Something has shifted in how Claude phrases its responses, and frequent users are noticing. The phrase "honest caveat" has become a common sentence opener in Claude's replies, appearing in lines like "Honest caveat: I can't verify this in real time" or "Honest caveat: this approach has tradeoffs." Users who work with the model daily are flagging it as a new behavioral tell.
The complaints aren't about the substance of the caveats. Flagging limitations is often genuinely useful. The problem is the phrasing itself: "honest caveat" implies that other caveats in the same response might be dishonest. It comes across as performative self-awareness, a verbal signal that the model is about to be transparent rather than just being transparent. Compare it to someone who starts every email with "To be completely candid with you." Technically fine once, but repeated enough times, it erodes rather than builds trust.

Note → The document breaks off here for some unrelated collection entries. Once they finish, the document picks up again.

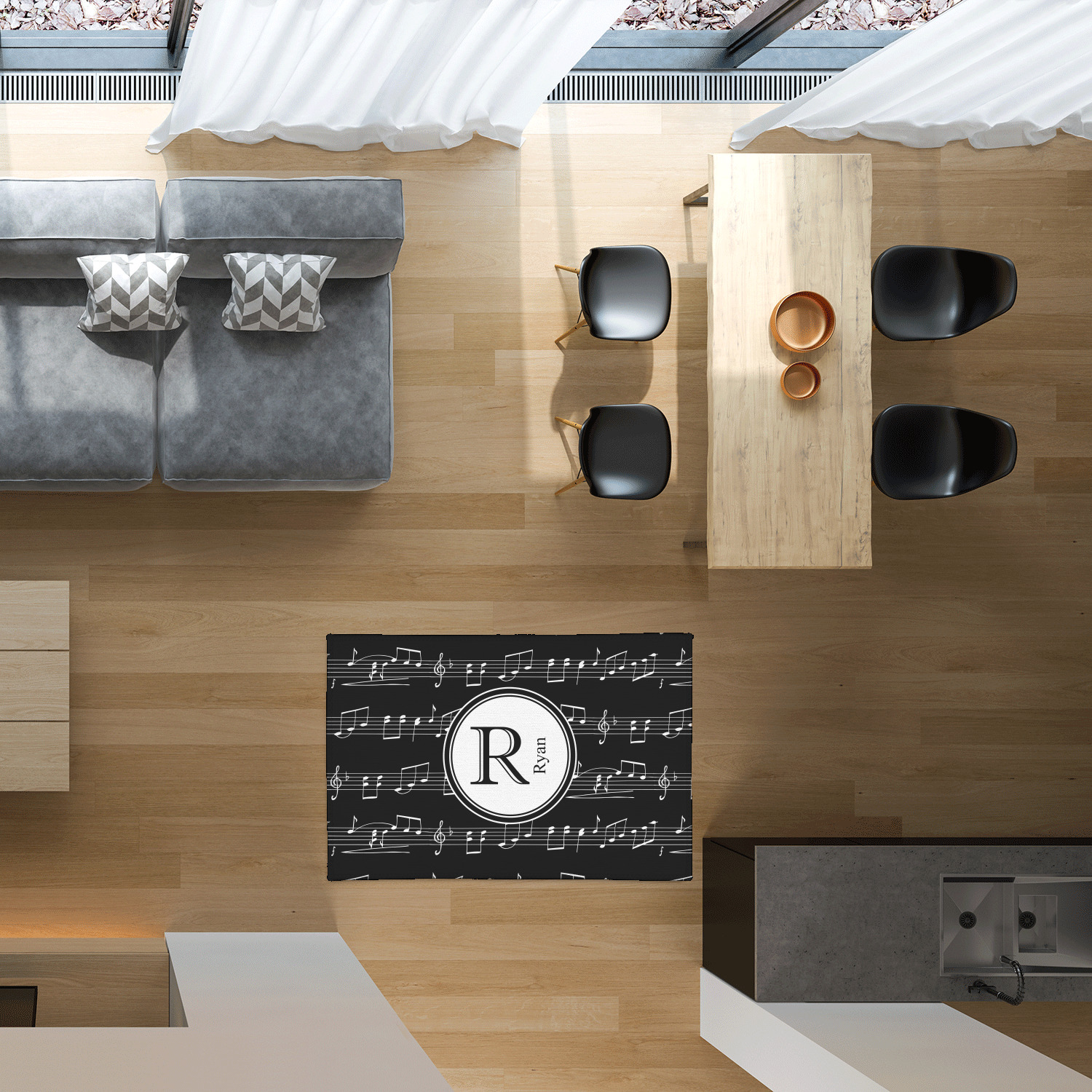 Music notes are set on a white background just like a sheet of music. A simple black outlined white label is placed in the middle of the design. Personalize with an initial and name of your choice.
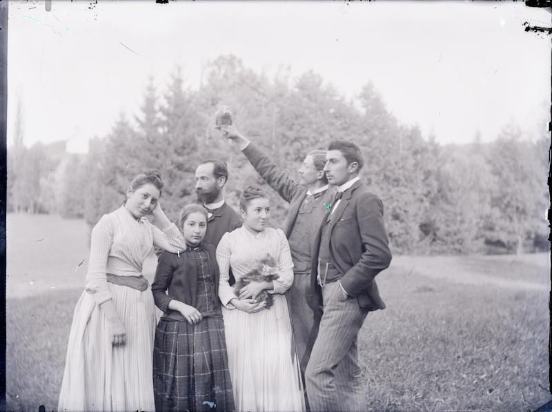 Trois femmes et trois hommes, en extérieur, avec un perroquet et un chien
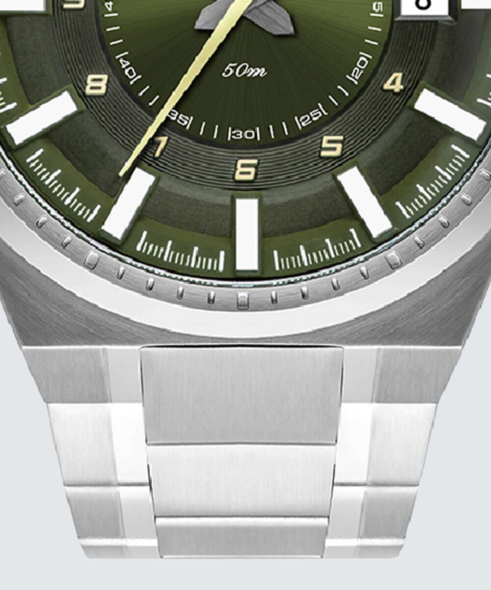 Relógio masculino com sistema analógico com ponteiros indicando as horas, minutos e segundos. Caixa em aço com vidro em cristal mineral e pino para ajuste de horas. Mostrador personalizado com calendário diário, função soneca e indicadores tracejados. Pulseira em aço trabalhado com fechamento por mola.
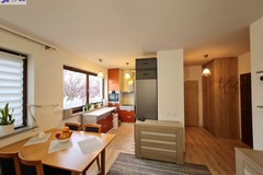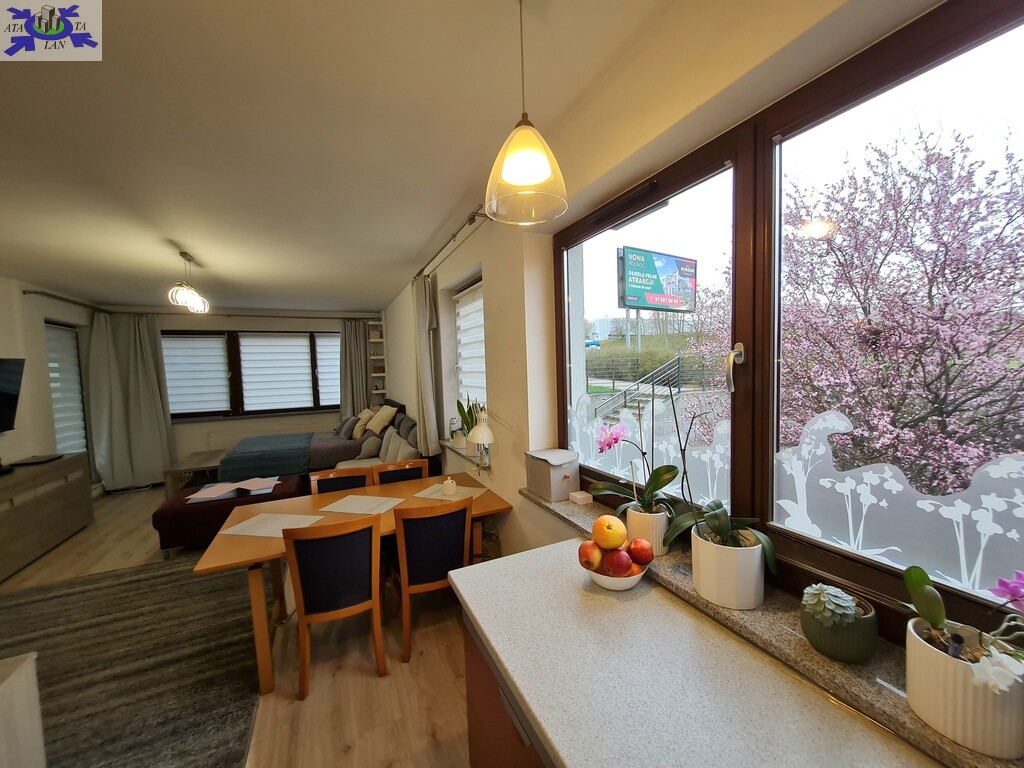 przestronny salon z kuchnią i wyjściem na zamknięty balkon, sypialnia,
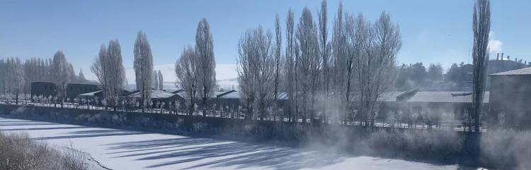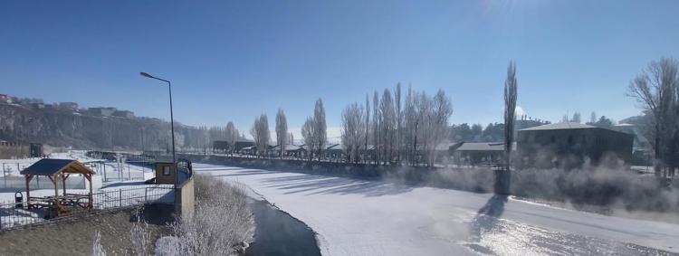 Ardahan'ın Göle ilçesinde dün gece sıcaklık, sıfırın altında 32,9 derece ölçüldü. İlçede dere ve nehirlerin yüzeyi buz tutarken, çatılarda da buz sarkıtları oluştu.

This is a known failure mode in large language models (AI systems trained on enormous text datasets to generate human-like language). Training processes can accidentally reinforce unusual phrases, especially ones that appear alongside signals the model learns to imitate. Once a pattern gets encoded, it tends to spread to contexts where it doesn't quite fit.
Anthropic hasn't commented on the specific phrase, and it's not clear whether this reflects a deliberate change in Claude's system prompt (the baseline instructions baked into every conversation) or a side effect of a recent model update. What's clear is that the pattern points to a real issue: AI model behavior can shift in small, frustrating ways between versions with no public announcement, and users who work with these tools daily are often the first to notice.